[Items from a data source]

┌────────

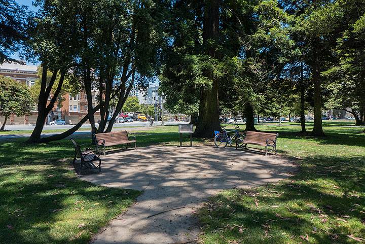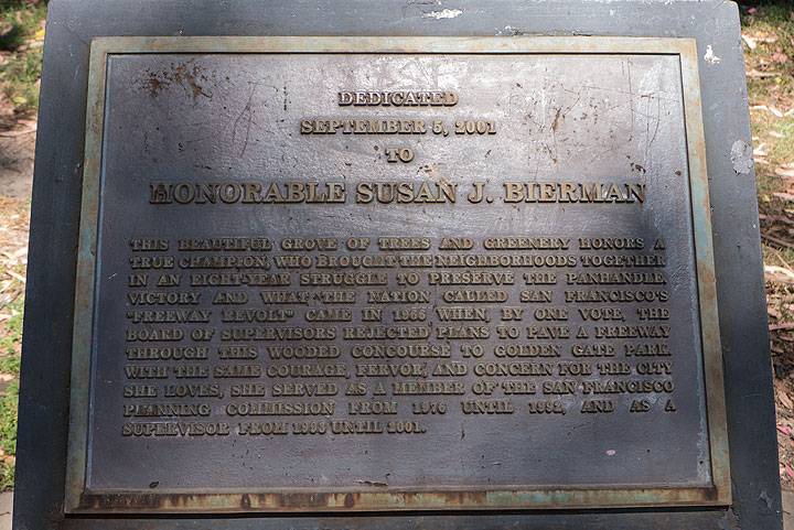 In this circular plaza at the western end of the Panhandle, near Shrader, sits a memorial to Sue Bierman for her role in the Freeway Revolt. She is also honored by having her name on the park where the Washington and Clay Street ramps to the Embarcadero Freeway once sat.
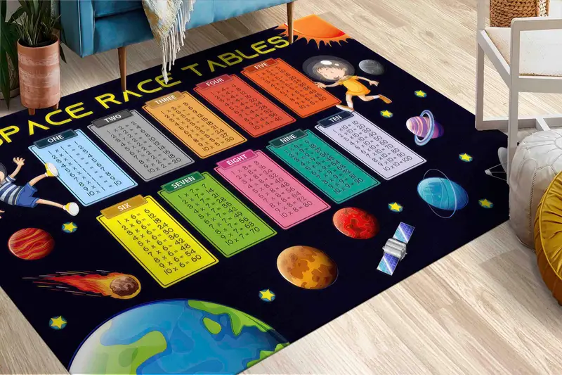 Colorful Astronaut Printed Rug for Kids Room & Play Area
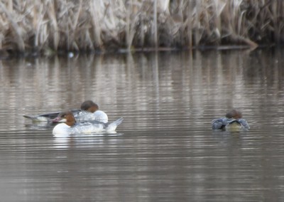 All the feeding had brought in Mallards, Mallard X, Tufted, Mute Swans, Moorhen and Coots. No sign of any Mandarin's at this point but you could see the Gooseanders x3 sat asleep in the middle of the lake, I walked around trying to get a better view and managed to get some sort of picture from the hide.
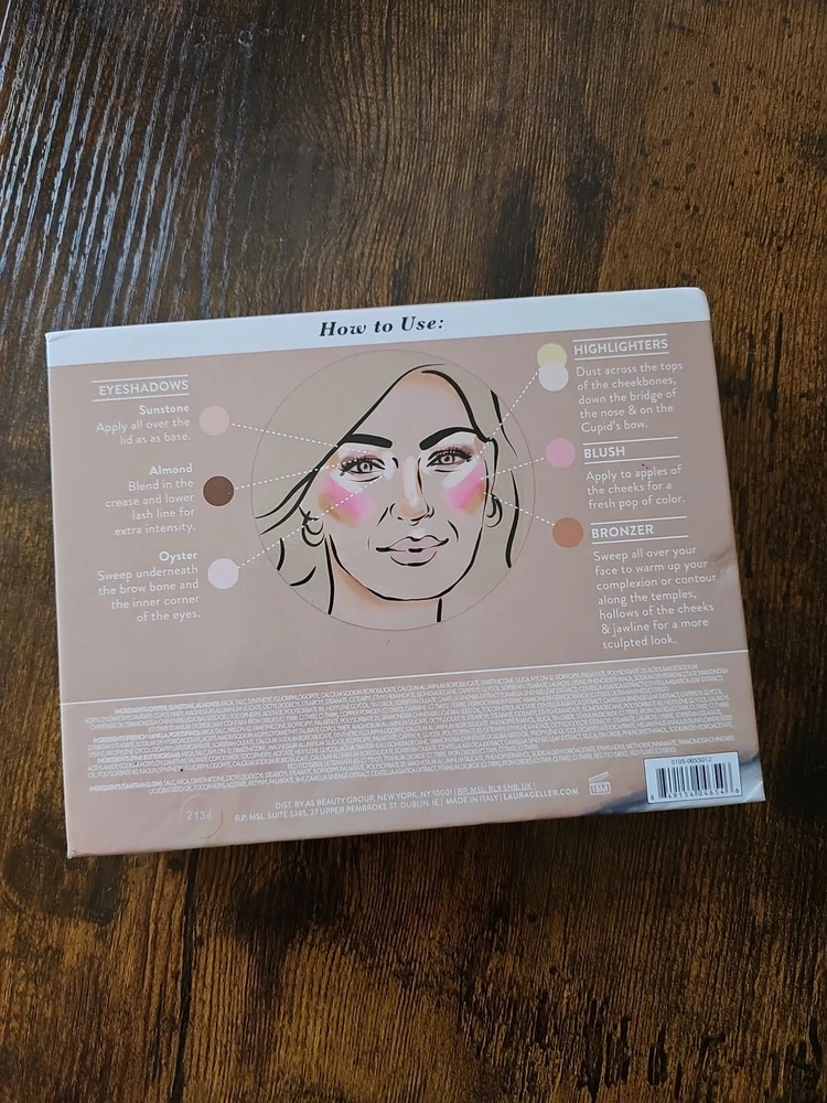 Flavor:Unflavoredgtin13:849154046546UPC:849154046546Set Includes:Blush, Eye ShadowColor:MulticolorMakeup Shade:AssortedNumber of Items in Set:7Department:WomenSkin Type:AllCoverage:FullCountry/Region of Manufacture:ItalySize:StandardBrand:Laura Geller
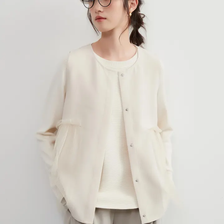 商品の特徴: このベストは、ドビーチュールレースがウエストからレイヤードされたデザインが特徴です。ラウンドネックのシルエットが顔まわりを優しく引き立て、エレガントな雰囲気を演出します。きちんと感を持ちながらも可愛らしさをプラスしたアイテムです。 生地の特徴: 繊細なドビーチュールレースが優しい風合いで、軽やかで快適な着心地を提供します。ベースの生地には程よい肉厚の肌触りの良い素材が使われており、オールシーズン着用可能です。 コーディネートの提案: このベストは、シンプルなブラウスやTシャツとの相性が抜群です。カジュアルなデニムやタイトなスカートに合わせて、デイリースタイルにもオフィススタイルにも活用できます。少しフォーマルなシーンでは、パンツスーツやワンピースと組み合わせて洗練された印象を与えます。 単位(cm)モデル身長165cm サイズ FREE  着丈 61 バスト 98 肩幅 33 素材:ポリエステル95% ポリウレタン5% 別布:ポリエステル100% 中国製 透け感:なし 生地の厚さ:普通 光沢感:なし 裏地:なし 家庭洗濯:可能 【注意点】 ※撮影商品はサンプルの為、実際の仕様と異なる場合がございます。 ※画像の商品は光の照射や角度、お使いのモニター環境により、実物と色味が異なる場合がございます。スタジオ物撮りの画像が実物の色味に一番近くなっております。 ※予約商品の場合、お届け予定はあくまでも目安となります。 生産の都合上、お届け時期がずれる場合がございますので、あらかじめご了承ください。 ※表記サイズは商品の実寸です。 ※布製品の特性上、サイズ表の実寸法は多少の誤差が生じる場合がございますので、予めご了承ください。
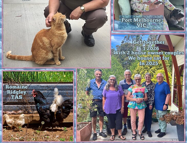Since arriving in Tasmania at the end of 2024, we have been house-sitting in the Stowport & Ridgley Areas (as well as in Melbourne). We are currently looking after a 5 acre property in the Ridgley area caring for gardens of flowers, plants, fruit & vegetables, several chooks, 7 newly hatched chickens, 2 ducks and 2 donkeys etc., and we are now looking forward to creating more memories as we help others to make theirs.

└────────

YOUR INSTRUCTIONS
Go back to the entries above and restate word for word every line from the first through the one that contains "単位(cm)モデル身長165cm サイズ FREE", leaving the pictures behind.

EXERCISE OUTPUT
 In this circular plaza at the western end of the Panhandle, near Shrader, sits a memorial to Sue Bierman for her role in the Freeway Revolt. She is also honored by having her name on the park where the Washington and Clay Street ramps to the Embarcadero Freeway once sat.
 Colorful Astronaut Printed Rug for Kids Room & Play Area
 All the feeding had brought in Mallards, Mallard X, Tufted, Mute Swans, Moorhen and Coots. No sign of any Mandarin's at this point but you could see the Gooseanders x3 sat asleep in the middle of the lake, I walked around trying to get a better view and managed to get some sort of picture from the hide.
 Flavor:Unflavoredgtin13:849154046546UPC:849154046546Set Includes:Blush, Eye ShadowColor:MulticolorMakeup Shade:AssortedNumber of Items in Set:7Department:WomenSkin Type:AllCoverage:FullCountry/Region of Manufacture:ItalySize:StandardBrand:Laura Geller
 商品の特徴: このベストは、ドビーチュールレースがウエストからレイヤードされたデザインが特徴です。ラウンドネックのシルエットが顔まわりを優しく引き立て、エレガントな雰囲気を演出します。きちんと感を持ちながらも可愛らしさをプラスしたアイテムです。 生地の特徴: 繊細なドビーチュールレースが優しい風合いで、軽やかで快適な着心地を提供します。ベースの生地には程よい肉厚の肌触りの良い素材が使われており、オールシーズン着用可能です。 コーディネートの提案: このベストは、シンプルなブラウスやTシャツとの相性が抜群です。カジュアルなデニムやタイトなスカートに合わせて、デイリースタイルにもオフィススタイルにも活用できます。少しフォーマルなシーンでは、パンツスーツやワンピースと組み合わせて洗練された印象を与えます。 単位(cm)モデル身長165cm サイズ FREE  着丈 61 バスト 98 肩幅 33 素材:ポリエステル95% ポリウレタン5% 別布:ポリエステル100% 中国製 透け感:なし 生地の厚さ:普通 光沢感:なし 裏地:なし 家庭洗濯:可能 【注意点】 ※撮影商品はサンプルの為、実際の仕様と異なる場合がございます。 ※画像の商品は光の照射や角度、お使いのモニター環境により、実物と色味が異なる場合がございます。スタジオ物撮りの画像が実物の色味に一番近くなっております。 ※予約商品の場合、お届け予定はあくまでも目安となります。 生産の都合上、お届け時期がずれる場合がございますので、あらかじめご了承ください。 ※表記サイズは商品の実寸です。 ※布製品の特性上、サイズ表の実寸法は多少の誤差が生じる場合がございますので、予めご了承ください。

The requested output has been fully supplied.